Our work has several strengths: first, patients were assessed by PET/CT, which is very accurate in detecting myocardial ischemia, coronary artery disease, and myocardial blood flow22. Furthermore, the large number of patients enrolled in our cross-sectional study allowed us to make detailed estimations of the prevalence of comorbidities and cardiac symptoms and make associations of these variables between parameters measured by PET/CT. The high burden of chronic comorbidities in Mexico makes it an ideal population to conduct this analytical cross-sectional study.
It exists a clear advantage of the acquisition of PET/CT, for the correct assignation of ischemia in every ventricular segment with a significant impact on the clinical treatment of coronary disease.
Chest pain in patients without obstructive coronary artery disease has been a frequent problem in clinical practice. Investigations have suggested that up to two-thirds of patients with non-obstructive coronary atherosclerosis may have microvascular dysfunction23. In particular, patients with type 2 diabetes mellitus exhibit accelerated progression of CAD, which may account for the increased morbidity and mortality in these patients. Assessment of functional abnormalities of the coronary vessels with PET may have an advantage over structural alterations of the arterial wall, as it may identify the earliest functional stage of the initiation and development of the coronary atherosclerotic24.
Conclusion
The patients studied with a PET/CT center of reference in Mexico City had a high burden of chronic comorbidities and traditional cardiovascular risk factors.
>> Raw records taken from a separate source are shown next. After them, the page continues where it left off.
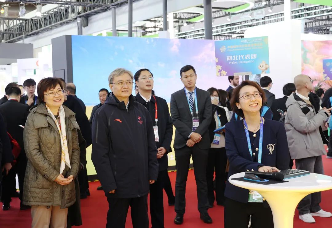 ▲11月28日,河北省副省长金晖(左一),河北省委常委、唐山市委书记武卫东(左二)一行参观正大展馆,正大集团农牧食品企业中国区北京总部市场部品牌总监郭悦杨(右一)热情接待来宾并介绍正大集团全产业链展示屏。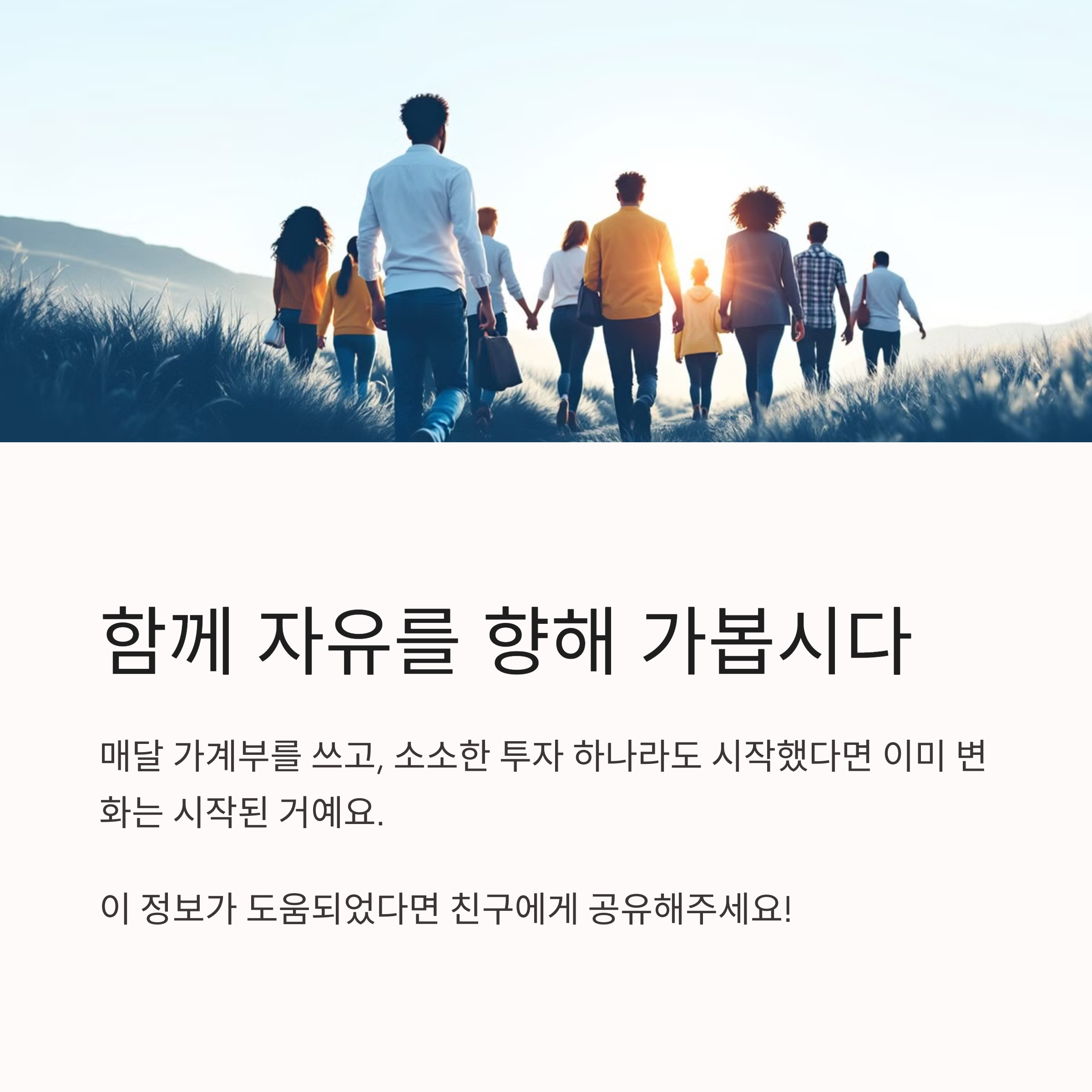 조기 은퇴가 목적이 아니어도, 자산을 스스로 관리하고 삶의 주도권을 되찾고 싶다면 그 자체로 파이어족의 시작입니다. 이 글이 여러분의 첫걸음이 되길 바랍니다. 매달 가계부를 쓰고, 소소한 투자 하나라도 시작했다면 이미 변화는 시작된 거예요. 혼자 걷기 어려울 땐 함께 걸으면 됩니다. 우리 같이 천천히, 하지만 확실하게 자유를 향해 가봅시다.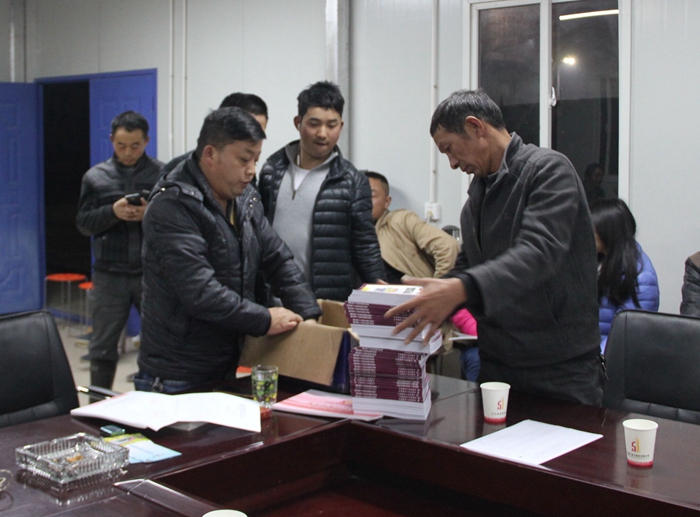 直管部工會(huì)主席王波給現(xiàn)場(chǎng)參會(huì)人員發(fā)放《消防安全知識(shí)宣傳冊(cè)》

The proportion of these comorbid conditions is enhanced in patients with ischemia. The high burden of comorbidities and symptoms in our population alters myocardial functionality regardless of the level of ischemia, which ultimately diminishes LVEF after the presence of any cardiac symptoms.
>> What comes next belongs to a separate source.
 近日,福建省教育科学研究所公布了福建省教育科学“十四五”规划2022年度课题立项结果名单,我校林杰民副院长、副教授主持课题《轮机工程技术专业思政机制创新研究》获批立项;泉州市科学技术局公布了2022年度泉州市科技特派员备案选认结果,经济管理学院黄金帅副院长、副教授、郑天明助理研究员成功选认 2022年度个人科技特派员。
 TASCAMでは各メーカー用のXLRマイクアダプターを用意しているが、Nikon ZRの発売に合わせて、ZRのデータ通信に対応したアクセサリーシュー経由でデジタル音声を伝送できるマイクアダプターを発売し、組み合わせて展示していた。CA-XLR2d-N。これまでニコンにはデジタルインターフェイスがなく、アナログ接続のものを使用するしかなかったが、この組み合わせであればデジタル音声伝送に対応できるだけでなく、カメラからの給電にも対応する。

Patients with a greater number of comorbidities present consistently alterations in the PET/CT parameters, which are related to the onset of clinical manifestations such as angina, myocardial infarction, and the number of occluded vessels, highlighting the importance of PET/CT as a predictor of an accurate revascularization.
Limitations
Among our study's limitations, there is sampling bias since the PET/CT unit is a reference center for myocardial perfusion imaging in Mexico City, where only a selected number of patients are studied.
In our study, it was not included the basal heart rate and blood pressure after the max effect of the vasodilator, we also would like to have made a multimodal analysis to prove the hypothesis.